Updated with additional example

The above reprex was a simplified example in hopes that there was a simple function (like the suggestion for deparse(substitute(x)) that I was missing. The following example provides a more realistic application where there is a function (ie lm ) applied to the data and the function provides the user with a message indicating there were no values for the factor level.

suppressMessages(library(dplyr))
library(purrr)
# create data frame
A = c(rep("foo", 3), rep("bar", 5), rep("fizz", 1))
B = 1:9
C = c("X", "X", "Y", rep("Y", 5), "Y")
df <- data.frame(A = A, B = B, C = C)
df %>% mutate(A = as.factor(A), C = as.factor(C))
#>      A B C
#> 1  foo 1 X
#> 2  foo 2 X
#> 3  foo 3 Y
#> 4  bar 4 Y
#> 5  bar 5 Y
#> 6  bar 6 Y
#> 7  bar 7 Y
#> 8  bar 8 Y
#> 9 fizz 9 Y
complicated_function <- function(x) {
  if (nrow(x) >= 1) {
    value_to_print <-
      ifelse(length(unique(x$A)) == 1, 
             as.character(paste(unique(x$A), unique(x$C))), 
             "with multiple factors")
    cat(paste0("data frame ", value_to_print, " has ", nrow(x), " rows \n"))
    x$D <- x$B * 2 # imagine as a complicated process
    return(x)
  } else {
    cat("No data for this factor \n")
    return(x)
  }
}

df_processed <- complicated_function(df)
#> data frame with multiple factors has 9 rows

df %>% 
  split(list(.$A, .$C)) %>% 
  map(complicated_function) %>% 
  bind_rows() -> newdf
#> No data for this factor 
#> No data for this factor 
#> data frame foo X has 2 rows 
#> data frame bar Y has 5 rows 
#> data frame fizz Y has 1 rows 
#> data frame foo Y has 1 rows

^{Created on 2022-05-01 by the reprex package (v2.0.1)}

I would like the output to replicate the output for factor combinations where <0 rows> such that rather than a generic "No data for this factor" is replaced with "data frame fizz X has 0 rows".
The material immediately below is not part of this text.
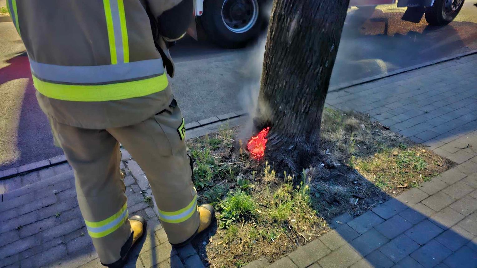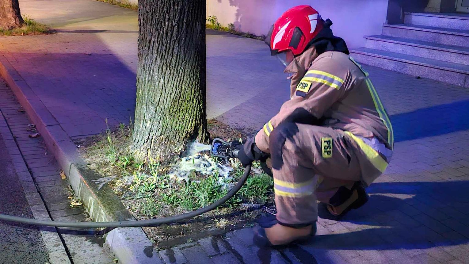 Ktoś podpalił drzewo. Interweniowali strażacy i policjanci

Because the function is more complicated than just the original cat() example it is possible (and possibly both necessary and faster) to provide a summary message at the end of the function to report factors that has <0 rows> .

Answer 1

One approach would be to use mapply() instead of lapply to pass the names and the list. Still not deriving the names from x, but it might work for your application:

myresult <- mapply(function(x, y) {cat(paste0("data frame ", y,
         " has ", nrow(x), " rows \n"))}, mylist, names(mylist))
# data frame bar has 5 rows 
# data frame fizz has 0 rows 
# data frame foo has 3 rows

Finally, since lapply does not pass the name along with x, you could attach it as an attribute to each list element:

for (i in seq(mylist)) attr(mylist[[i]], "name") <- names(mylist)[i]
myresult <- lapply(mylist, FUN = function(x) {
   cat(paste0("data frame ", attr(x, "name"), " has ", nrow(x), " rows \n"))
   }
   )
# data frame bar has 5 rows 
# data frame fizz has 0 rows 
# data frame foo has 3 rows 

Answer 2

I have the same exact problem, trying to do a more advanced loop using apply. I've been using for loops instead and pass dataframe names when needed to a list vector that has all the names. Use the current loop iteration i to get the appropriate file name. Though it is not an elegant solution as people have been saying you don't need for loops.